- **Data supplied**
# # #
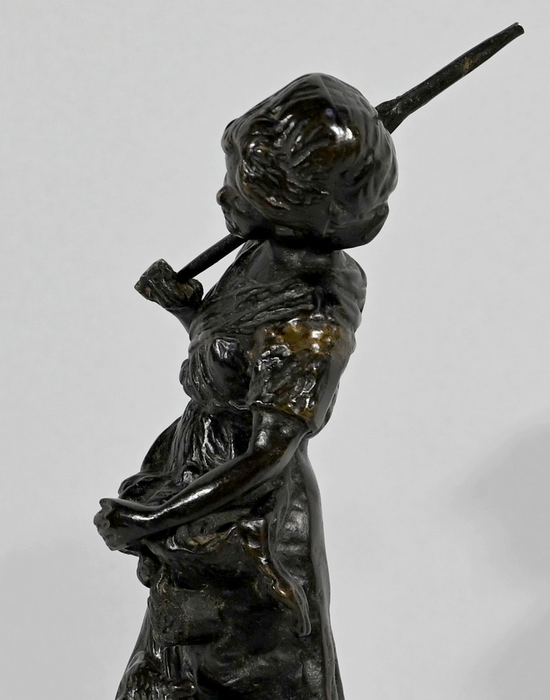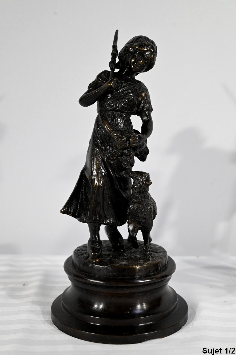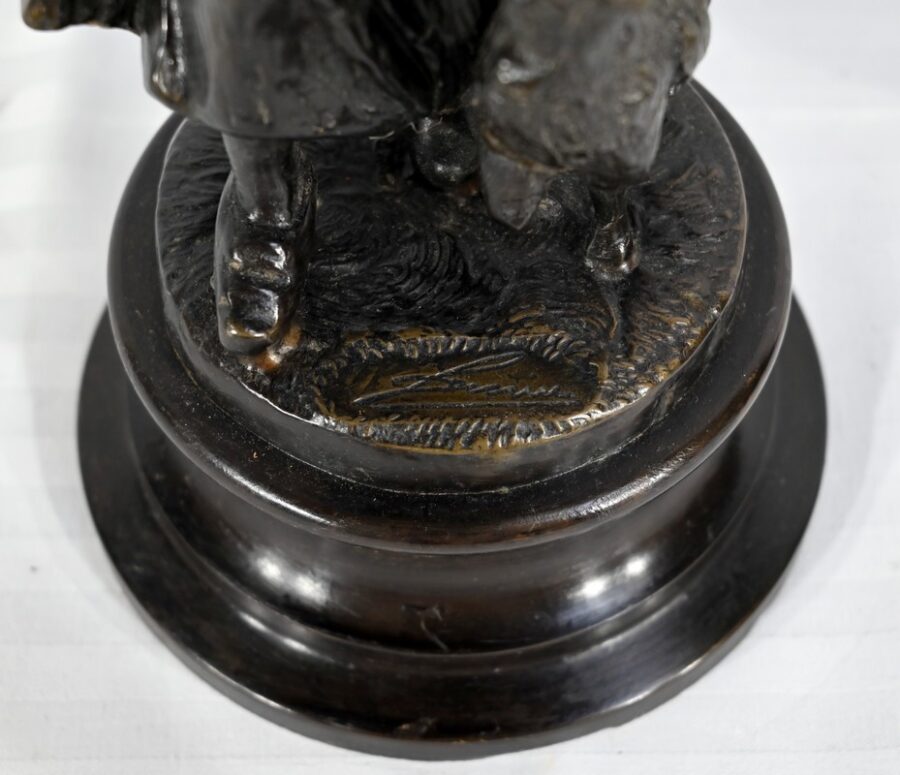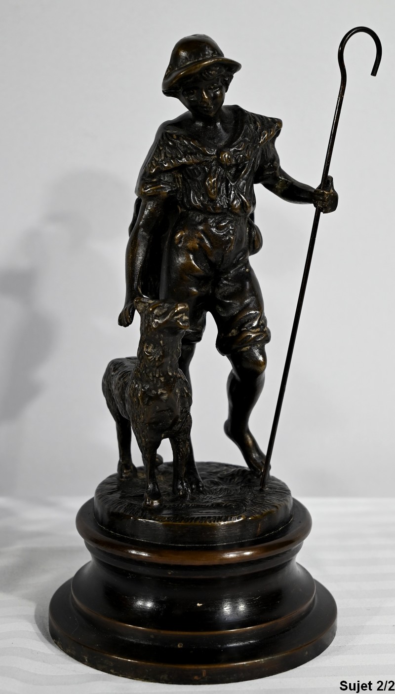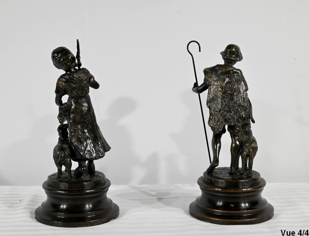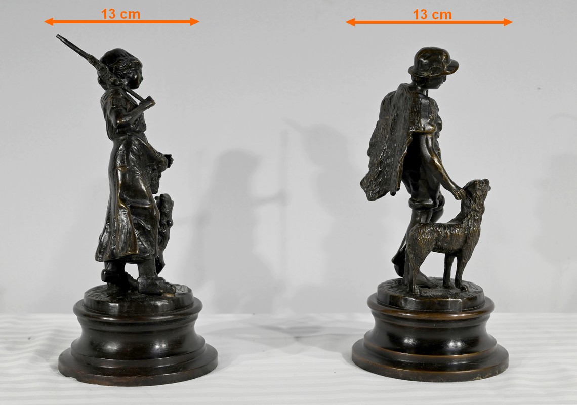 Couple de sujets en bronze à patine brune, signés Laurini sur la terrasse, d’après Louis et François Moreau. Respectivement connus sous les noms d’Auguste (1855-1919) et Hippolyte Moreau (1832-1926), ces sculpteurs français sont connus pour leurs travaux, maintes fois récompensés.
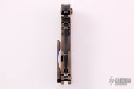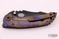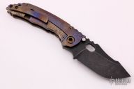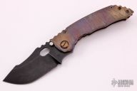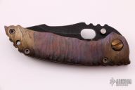 This Framelock from Dalibor Bergam features a black tumble finished blade with notched thumbrest and thumbhole. The handle is comprised of sculpted, heat colored and orange peel finished titanium with a matching pocket clip positioned for tip up carry. The blade is centered when closed, opens/closes smoothly, and locks up with absolutely no play. Has a few light scuffs, otherwise excellent condition. 1 of 11
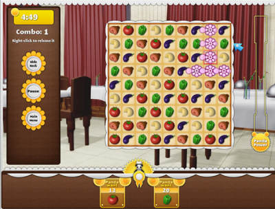 在游戏中每一关进行时,在下方都有你的目标,是每种食物的消除数量,游戏时有时间上的限制为4分钟,相信这对玩家来说戳戳有余。
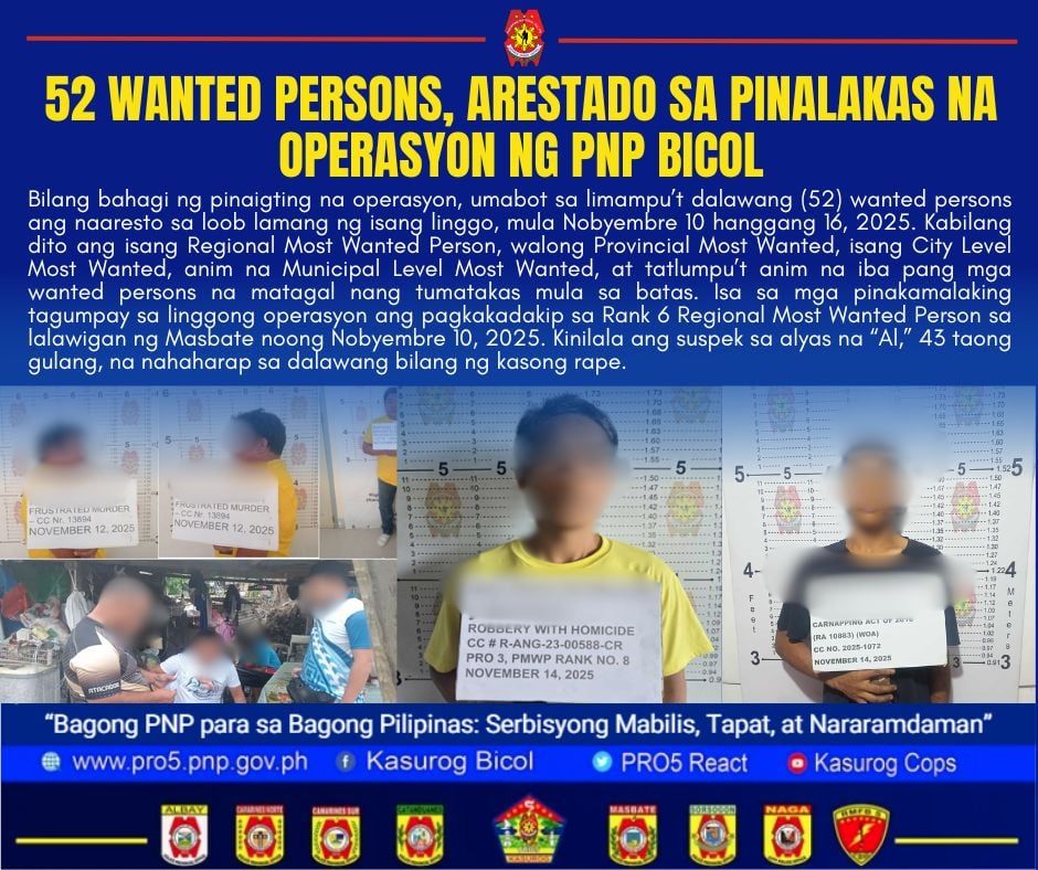 Bilang bahagi ng pinaigting na operasyon, umabot sa limampu’t dalawang (52) wanted persons ang naaresto sa loob lamang ng isang linggo, mula Nobyembre 10 hanggang 16, 2025. Kabilang dito ang isang Regional Most Wanted Person, walong Provincial Most Wanted, isang City Level Most Wanted, anim na Municipal Level Most Wanted, at tatlumpu’t anim na iba pang mga wanted persons na matagal nang tumatakas mula sa batas.
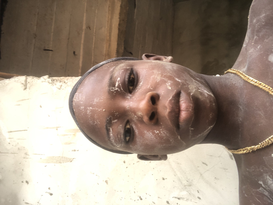 An image, likely a selfie, depicts a young individual with dark skin, positioned centrally and looking directly forward. The individual's face, neck, and upper shoulders are covered in a light-colored, powdery substance. A dark headband is visible across the forehead, pulling back the hair. A gold-colored chain necklace is worn, resting on the chest. The background features a textured, light-colored wall or structure to the left, exhibiting signs of wear and a rough finish. To the right, a darker, shadowed area suggests an interior space or opening with horizontal structural elements. The scene is located in Enugwu-Ukwu, Nigeria.
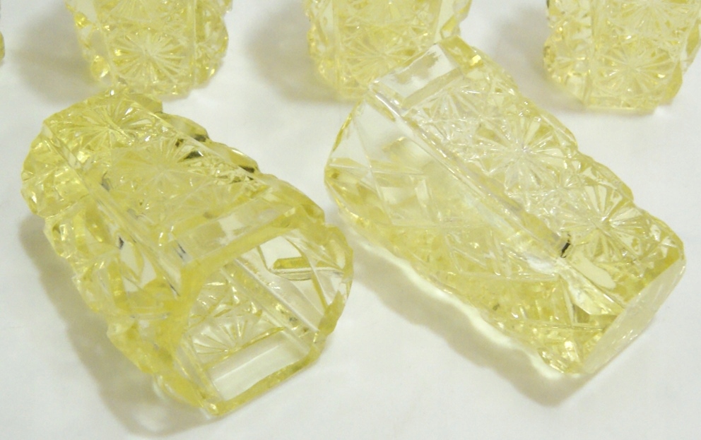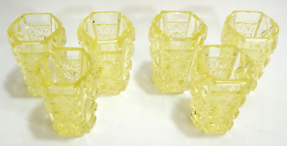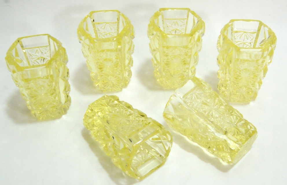 Красивые старинные бокалы - набор из 6 штук, выполненные из хрусталя лимонного цвета. Массивное цветное стекло. Поверхностная обработка очков.
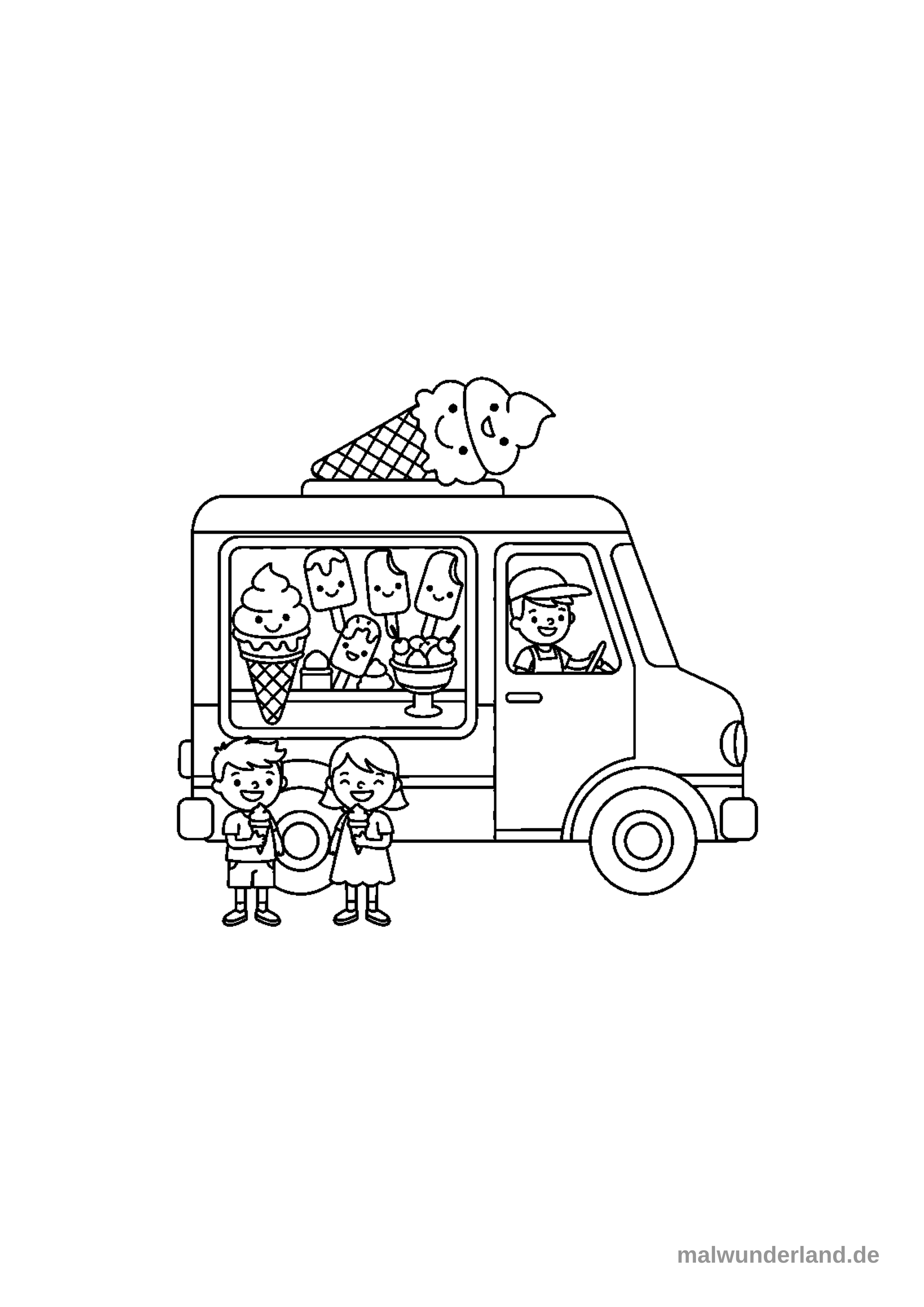 Ein Ausmalbild zeigt einen fröhlichen Eiscreme-Wagen mit einem lächelnden Fahrer am Steuer. Vor dem Wagen stehen ein Junge und ein Mädchen, die jeweils ein Eis in der Hand halten und sich freuen. Auf dem Dach des Wagens und im Verkaufsfenster sind zudem weitere lustige Eiscreme-Figuren und Eissorten abgebildet.
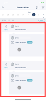 - Seleccione una fecha. De forma predeterminada, muestra los eventos y vídeos del día actual.
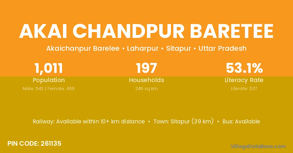 Akai Chandpur Baretee village has a total population of 1,011 people, of which 542 are males and 469 are females.
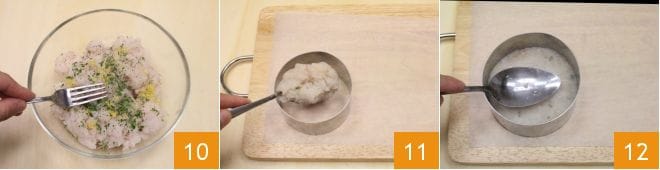 mix everything well with a fork 10. Place a sheet of parchment paper on a cutting board and start creating the fish burger. Use a spoon to distribute the cod mixture inside a 2.75-inch diameter round cutter 11 and press it with the back of the spoon 12 so that the mixture takes the shape of the cutter.
# # #
- **Task objective**
All of the entries must be reproduced exactly, apart from the pictures, which are to be dropped.

- **Finished task**
 Couple de sujets en bronze à patine brune, signés Laurini sur la terrasse, d’après Louis et François Moreau. Respectivement connus sous les noms d’Auguste (1855-1919) et Hippolyte Moreau (1832-1926), ces sculpteurs français sont connus pour leurs travaux, maintes fois récompensés.
 This Framelock from Dalibor Bergam features a black tumble finished blade with notched thumbrest and thumbhole. The handle is comprised of sculpted, heat colored and orange peel finished titanium with a matching pocket clip positioned for tip up carry. The blade is centered when closed, opens/closes smoothly, and locks up with absolutely no play. Has a few light scuffs, otherwise excellent condition. 1 of 11
 在游戏中每一关进行时,在下方都有你的目标,是每种食物的消除数量,游戏时有时间上的限制为4分钟,相信这对玩家来说戳戳有余。
 Bilang bahagi ng pinaigting na operasyon, umabot sa limampu’t dalawang (52) wanted persons ang naaresto sa loob lamang ng isang linggo, mula Nobyembre 10 hanggang 16, 2025. Kabilang dito ang isang Regional Most Wanted Person, walong Provincial Most Wanted, isang City Level Most Wanted, anim na Municipal Level Most Wanted, at tatlumpu’t anim na iba pang mga wanted persons na matagal nang tumatakas mula sa batas.
 An image, likely a selfie, depicts a young individual with dark skin, positioned centrally and looking directly forward. The individual's face, neck, and upper shoulders are covered in a light-colored, powdery substance. A dark headband is visible across the forehead, pulling back the hair. A gold-colored chain necklace is worn, resting on the chest. The background features a textured, light-colored wall or structure to the left, exhibiting signs of wear and a rough finish. To the right, a darker, shadowed area suggests an interior space or opening with horizontal structural elements. The scene is located in Enugwu-Ukwu, Nigeria.
 Красивые старинные бокалы - набор из 6 штук, выполненные из хрусталя лимонного цвета. Массивное цветное стекло. Поверхностная обработка очков.
 Ein Ausmalbild zeigt einen fröhlichen Eiscreme-Wagen mit einem lächelnden Fahrer am Steuer. Vor dem Wagen stehen ein Junge und ein Mädchen, die jeweils ein Eis in der Hand halten und sich freuen. Auf dem Dach des Wagens und im Verkaufsfenster sind zudem weitere lustige Eiscreme-Figuren und Eissorten abgebildet.
 - Seleccione una fecha. De forma predeterminada, muestra los eventos y vídeos del día actual.
 Akai Chandpur Baretee village has a total population of 1,011 people, of which 542 are males and 469 are females.
 mix everything well with a fork 10. Place a sheet of parchment paper on a cutting board and start creating the fish burger. Use a spoon to distribute the cod mixture inside a 2.75-inch diameter round cutter 11 and press it with the back of the spoon 12 so that the mixture takes the shape of the cutter.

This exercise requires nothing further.